*Source material*:
%%

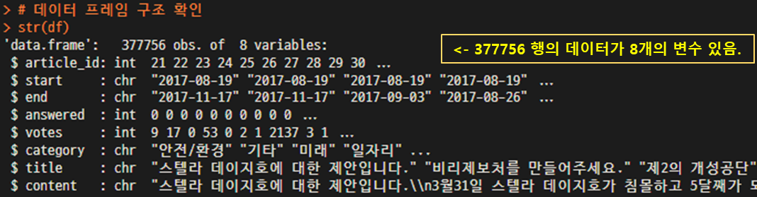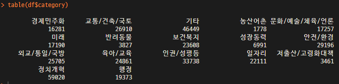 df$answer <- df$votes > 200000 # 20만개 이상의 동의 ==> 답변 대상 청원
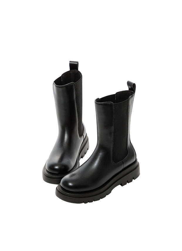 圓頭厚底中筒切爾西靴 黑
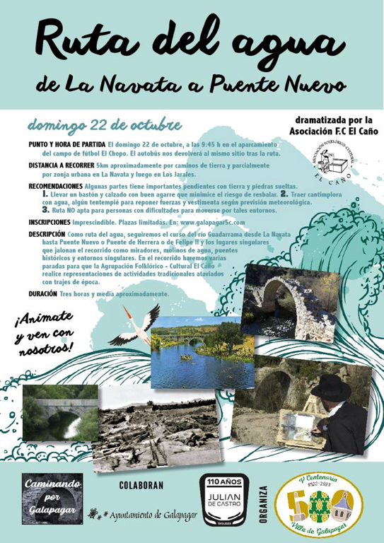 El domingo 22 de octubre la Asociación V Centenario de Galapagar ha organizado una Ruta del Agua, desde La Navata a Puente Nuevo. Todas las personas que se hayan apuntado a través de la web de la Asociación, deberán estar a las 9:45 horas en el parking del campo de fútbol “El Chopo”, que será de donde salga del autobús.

%%

*The task*:
Restate the listing word for word. Pictures do not belong in the copy.

*Response to the exercise*:
 df$answer <- df$votes > 200000 # 20만개 이상의 동의 ==> 답변 대상 청원
 圓頭厚底中筒切爾西靴 黑
 El domingo 22 de octubre la Asociación V Centenario de Galapagar ha organizado una Ruta del Agua, desde La Navata a Puente Nuevo. Todas las personas que se hayan apuntado a través de la web de la Asociación, deberán estar a las 9:45 horas en el parking del campo de fútbol “El Chopo”, que será de donde salga del autobús.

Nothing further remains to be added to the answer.